Tuesday 12 March 2013

Towards 1914: 2 (1905-14)


The first Moroccan crisis
The Entente had not been aimed at Germany, but it created problems for German policy makers. In March 1905 Wilhelm II made a deliberate attempt to break it. He paid a state visit to Tangier in which he made a speech emphasizing Germany’s commercial interests in Morocco and the importance of maintaining the independence of its Sultan. This was diplomatic bluster on Wilhelm’s part. Germany had no economic interests in Morocco and certainly did not want war. But it caused French and British diplomats to discuss the military possibilities of the Entente in the event of a war with Germany. The immediate outcome was the resignation of the French Foreign Minister, Delcassé, in June, 1905.

Germany succeeded in having an international conference called at Algeciras in 1906.
The conference confirmed the integrity of the sultan's domains but sanctioned French and Spanish policing of Moroccan ports and collection of the customs dues. There was now no hope of a Franco-German rapprochement and the Anglo-French entente was solidified. The crisis revealed to British statesmen the importance of France and was the effectual end of the policy of isolation. It also revealed Germany’s isolation, with only Austria-Hungary supporting its position.


The naval race
From 1897 Germany embarked on a drive for world power (Weltpolitik) which upset the relative stability of late nineteenth-century politics and posed a direct challenge to Britain.
This drive expressed itself in naval policy, which was in part a response to a campaign whipped up by the Navy League. In 1898 the German Navy law announced their intention to build a battle fleet. A law of 1900 decreed that this fleet was to be strong enough to challenge the British in the North Sea. This committed Germany to a continuous, and expensive programme.

This did not mean that the German government was envisaging an offensive naval war against Britain. Admiral Tirpitz was following contemporary strategic thinking when he calculated that if Germany had two battleships for every three floated by Britain – which meant a German North Sea fleet of some sixty battleships - then the German navy stood a good chance of victory in a defensive war.

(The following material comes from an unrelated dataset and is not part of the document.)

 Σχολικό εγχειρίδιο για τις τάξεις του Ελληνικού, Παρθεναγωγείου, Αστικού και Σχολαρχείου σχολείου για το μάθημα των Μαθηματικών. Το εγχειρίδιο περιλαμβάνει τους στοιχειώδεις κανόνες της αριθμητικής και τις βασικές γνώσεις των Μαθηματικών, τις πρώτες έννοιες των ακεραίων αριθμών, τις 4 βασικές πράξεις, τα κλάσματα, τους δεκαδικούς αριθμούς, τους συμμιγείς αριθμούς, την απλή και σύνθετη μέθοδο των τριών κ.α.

The Liberal government would have preferred spending on social reform, but it was pushed by events. British naval thinking, exemplified by Sir John Fisher the First Sea Lord from 1904, was driven by the ‘two-power standard’ whereby the Royal Navy was to be stronger than the combined fleets of the next two maritime powers.

In 1906 HMS Dreadnought was launched. She was 1,500 tons heavier than the last pre-dreadnought built for the Royal Navy and three knots faster and had ten 12 inch guns. This meant that she could outgun and outsail all other battleships, rendering them obsolete until the Germans build their own dreadnoughts.

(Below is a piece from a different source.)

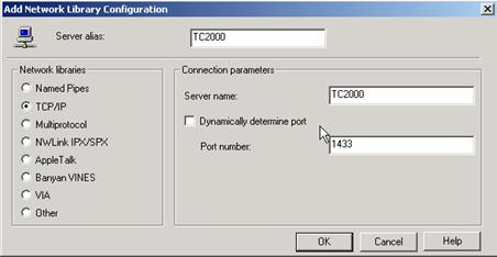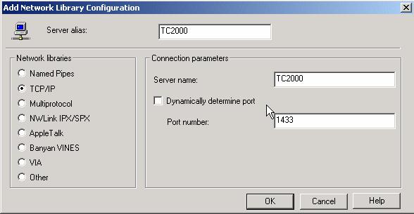 Protokoll TCP/IP muss gewählt sein. Servername TC2000 und Portnummer 1433 sollte aktiv sein. Die Dynamische Portzuweisung sollte deaktiviert sein (Firewall).

By 1909 it was suddenly realized that the Germans were going to be building 10 Dreadnoughts against the 4 British ones that had been ordered up to then. The ‘We Want Eight’ panic then ensued, and six battleships and two battlecruisers were ordered in the 1909 program. After that, the pace was kept up. Germany would only give up her naval plans in return for a British promise of unconditional neutrality in a Franco-German conflict, and after Algeciras, such a compromise was impossible.

The Anglo-Russian entente
On 31 August 1907 Britain and Russia concluded the Anglo-Russian Entente in St. Petersburg. It ended decades of hostility by defining their respective spheres of interest in Persia, Afghanistan, and Tibet, with Russia taking the northern areas of Persia and Britain taking the Persian Gulf area in the south. Its primary aim was to check German expansion into the area.
Along with the Franco-Russian alliance and the Entente Cordiale, this formed the Triple Entente between the UK, France and Russia.

Crisis in the Balkans
In 1903 the pro-Austrian King Alexander of Serbia and his wife, Queen Draga were murdered. His successor King Peter was a pro-Russian pan-Serb, who wanted to unite all Serbian lands, including those within the Austro-Hungarian Empire. This led to Austrian fears that Serbia would become 'the Piedmont of the Balkans'.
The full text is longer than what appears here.